No matter how traceability is implemented, it will either severely undermine encryption or break it, resulting in a loss of anonymity, privacy and free speech. The Indian Supreme Court laid down a necessity and proportionality test when it recognized that “the right to privacy is protected as an intrinsic part of the right to life and personal liberty under Article 21 and as a part of the freedoms guaranteed by Part III (fundamental rights) of the Constitution.” The four essential limbs of the test are: “(i) the action must be sanctioned by law; (ii) the proposed action must be necessary in a democratic society for a legitimate aim; (iii) the extent of such interference must be proportionate to the need for such interference; and (iv) there must be procedural guarantees against abuse of such interference.”
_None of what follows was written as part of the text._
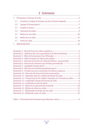 Este documento describe cómo personalizar el formato de celdas en Excel. Explica cómo ver el código de formato de un formato integrado como Moneda y cómo personalizarlo agregando formatos para cero y números negativos. También cubre cómo cambiar la fuente, alineación, relleno, bordes y estilos de celda. Proporciona capturas de pantalla para ilustrar cada paso del proceso de personalización del formato de celdas.

The traceability requirement may well fail every part of this test: (i) nothing in the parent statute, the Information Technology Act, contains any traceability or comparable requirement and thus it does not appear to be sanctioned by law; (ii) the requirement is not necessary for a legitimate aim since, as discussed above, it will not actually achieve its professed aim; (iii) the interference is disproportionate because it imperils the privacy and free expression rights of millions of users, and the country’s information security; and (iv) there are no material safeguards against interference for users of E2EE platforms, as evident by the fact that the government can order the disclosure of identity information without any form of prior judicial review.

Conclusion

Traceability is antithetical to privacy, security and free expression. Its implementation will necessarily vitiate the security of E2EE platforms and compel them to fundamentally alter their architecture. E2EE is a vital tool that enables users to communicate safely. It creates a secure space within which users can share intimate thoughts, medical and financial information, unpopular ideas, and dissenting views, all without fear of unauthorized access. Traceability would undermine that in exchange for little or no public benefit.